In 2018, the European Court of Justice ruled that the UK should ban red diesel for private pleasure craft because the way red diesel is taxed contravenes the Fuel Marker Directive. The consultation outlines the likely timescales required for a move to white diesel and poses a number of questions to owners of diesel-powered craft.
 
Insurmountable problems
 
The Inland Waterways Association (IWA), Cruising Association and Royal Yachting Association (RYA) are appealing to members to ensure their voices are heard. A consortium made up of the three plus British Marine met HMRC officials last year and argued that a change to white diesel would create ‘insurmountable problems’ for boat users and the industry.
 
Whilst red diesel could continue to be used for heating, it would have to be in a separate tank.
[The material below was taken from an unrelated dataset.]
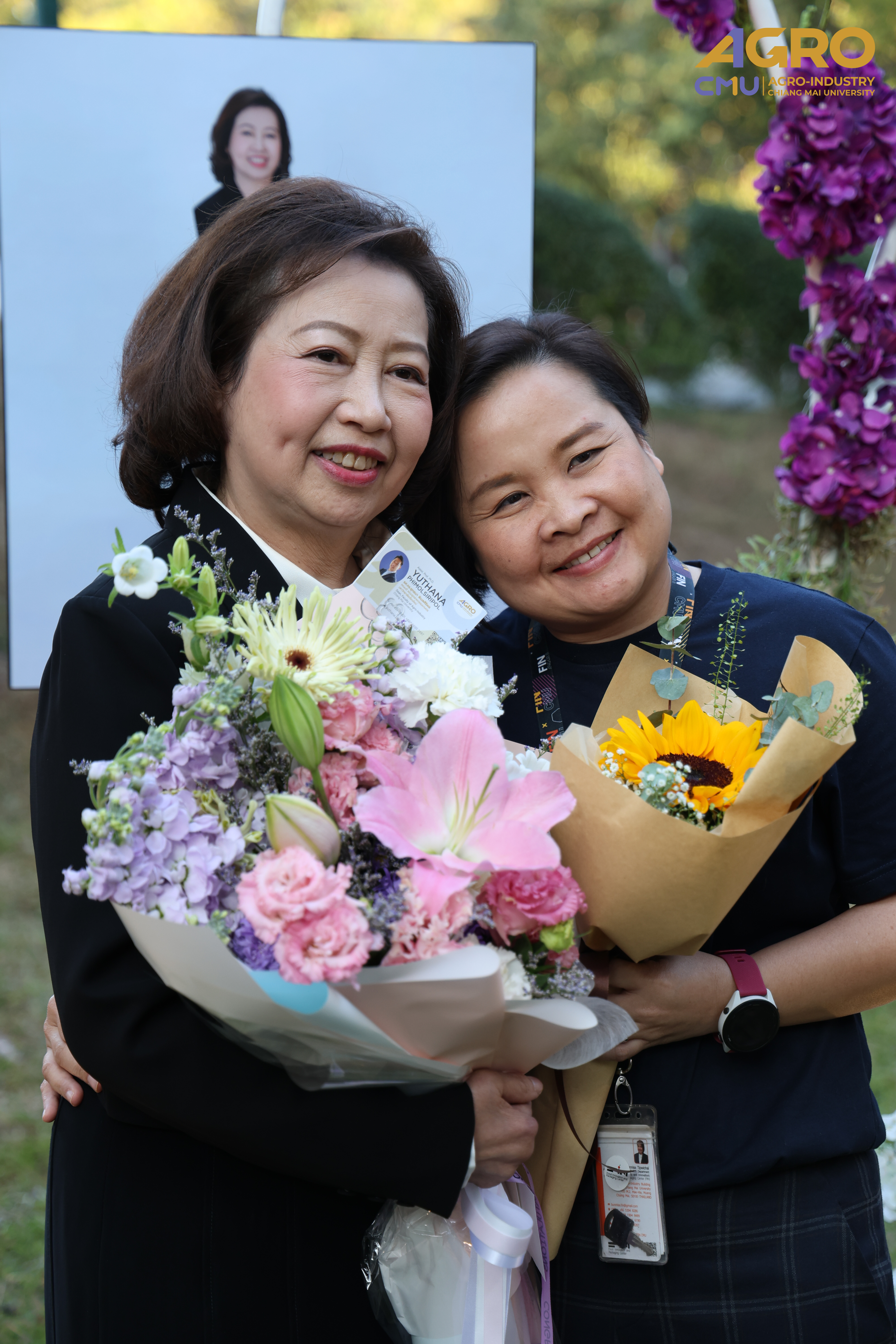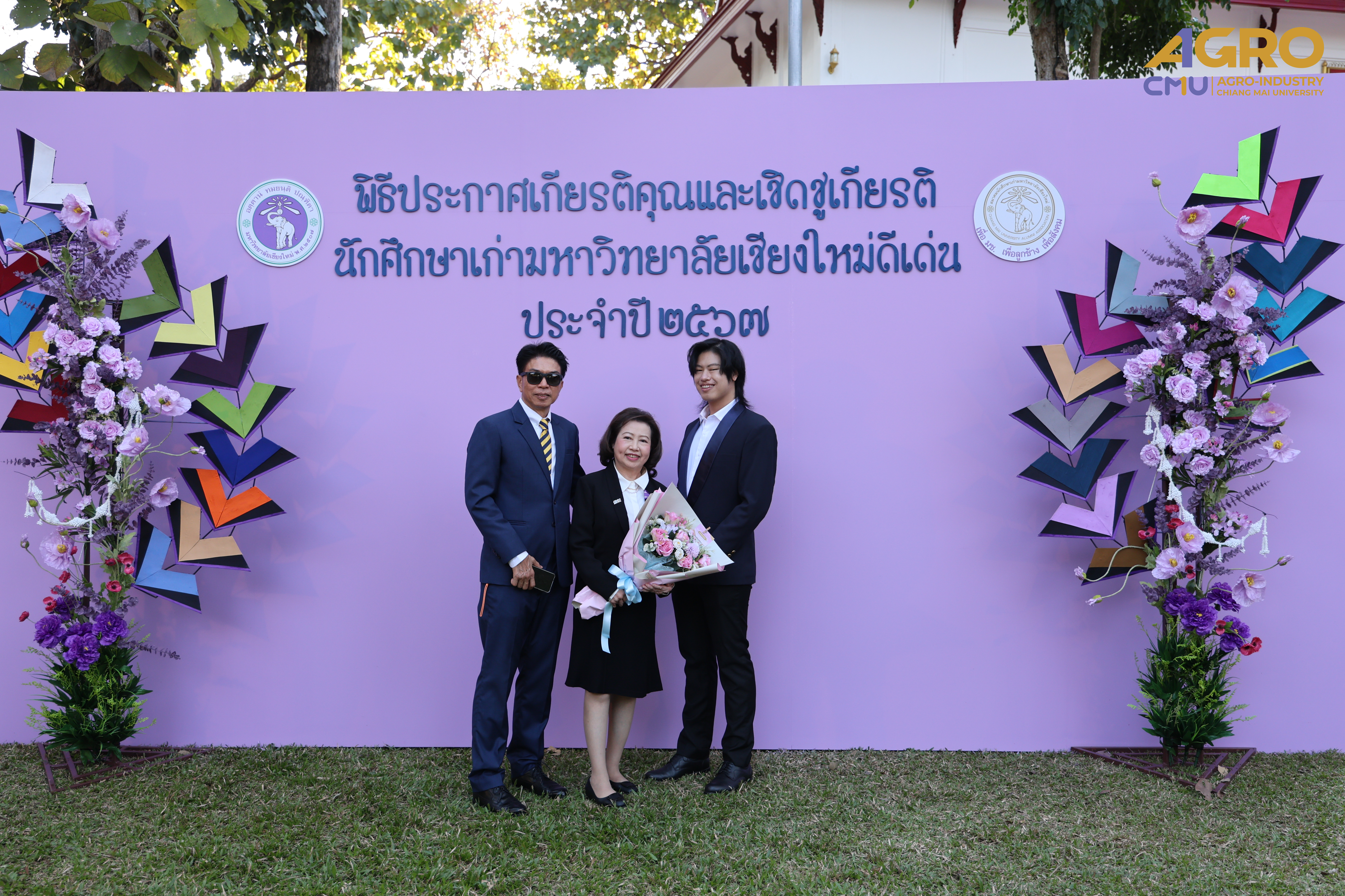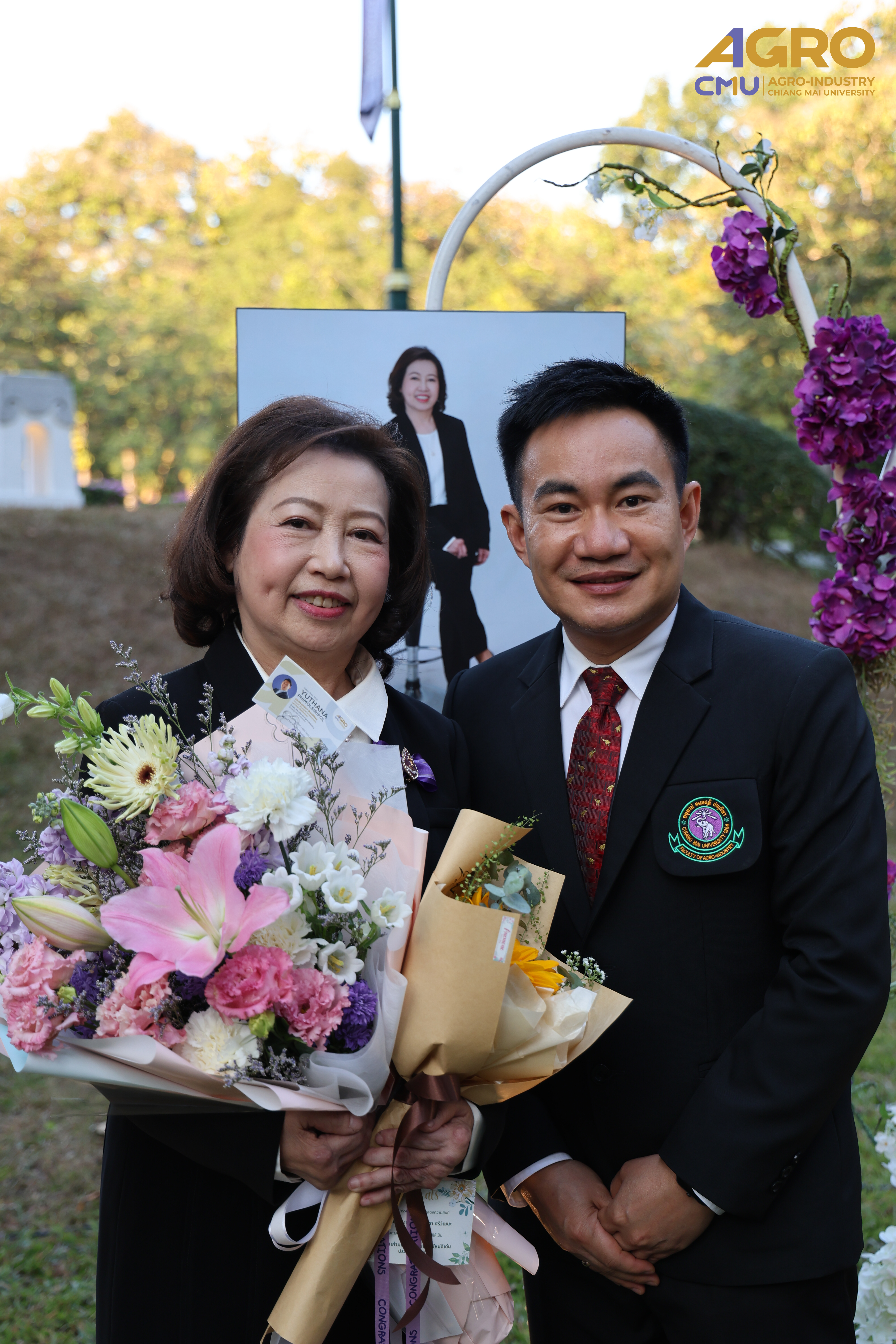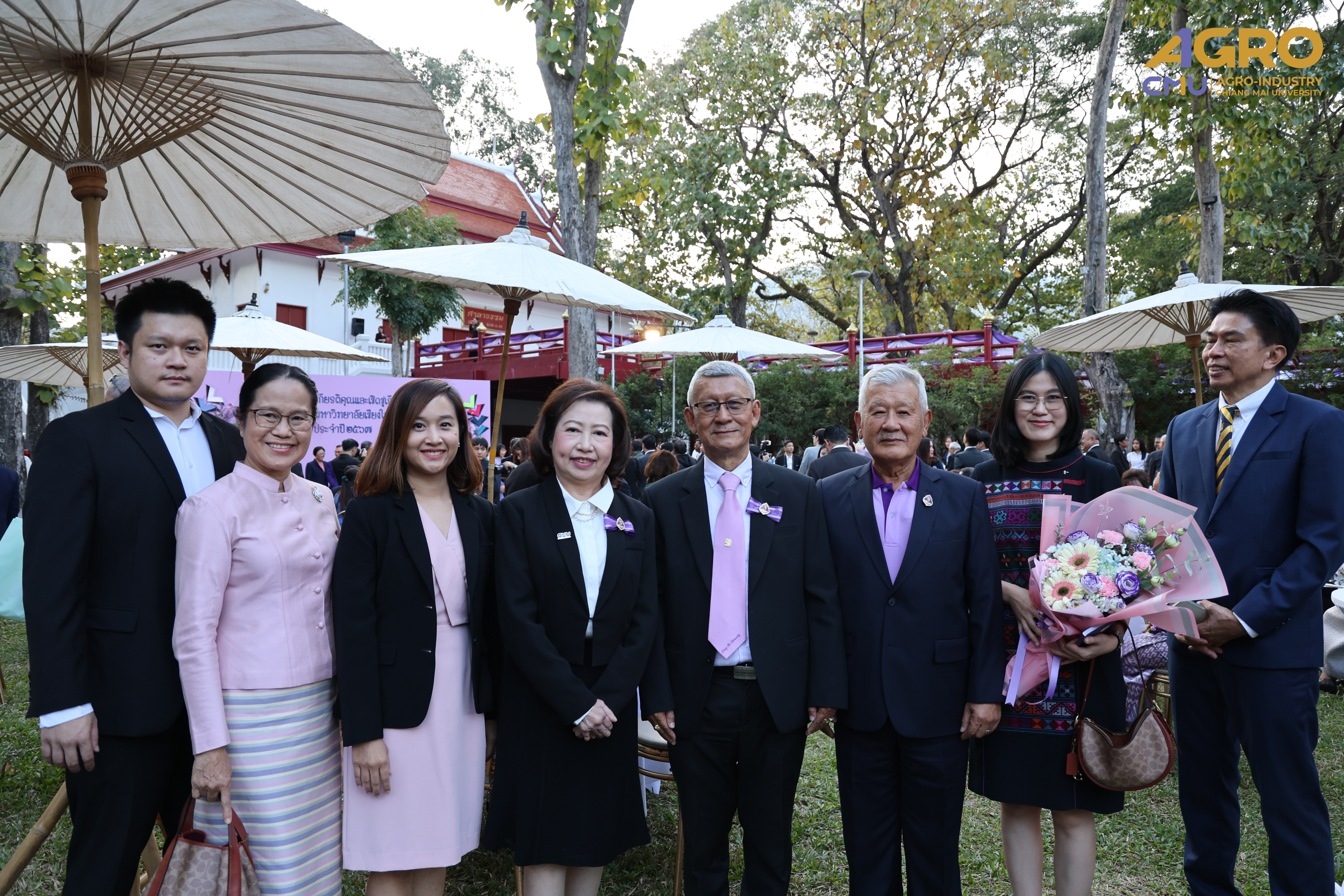 On January 14, 2025, Associate Professor Dr.Yuthana Phimolsiripol, Dean of the Faculty of Agro-Industry, along with the faculty executives and staffs gave the bouquet of flower to extended its heartfelt congratulations to Associate Professor Dr.Sujinda Sriwattana (Student ID 2508167) who have received Outstanding Alumni Award from CMU Alumni Association at Dhamma pavilion of Chiang Mai University. On the special occasion of being selected as Outstanding alumni of Chiang Mai University Educational Organization Administration Branch, the Year 2024.

The IWA argues that it is not practical for most boats that use inland waterways to have two tanks, that modifications might be inappropriate and that suppliers would be reluctant to provide both types.
 
The RYA similarly raises concerns about the ‘many practical issues that implementation will bring’. Because this comes as a result of an EU ruling, it asks the government not to implement the change in the event of a ‘no deal’ Brexit. The RYA is also lobbying for new legislation to include a transition period of sufficient length to recognise that changes will need to be made to the supply system and that the marker dye in red diesel will be detectable in fuel system for a considerable period of time after swapping to white diesel.
 
HMRC is seeking responses from individuals and will not accept compilations. The consultation can be found on the government's website.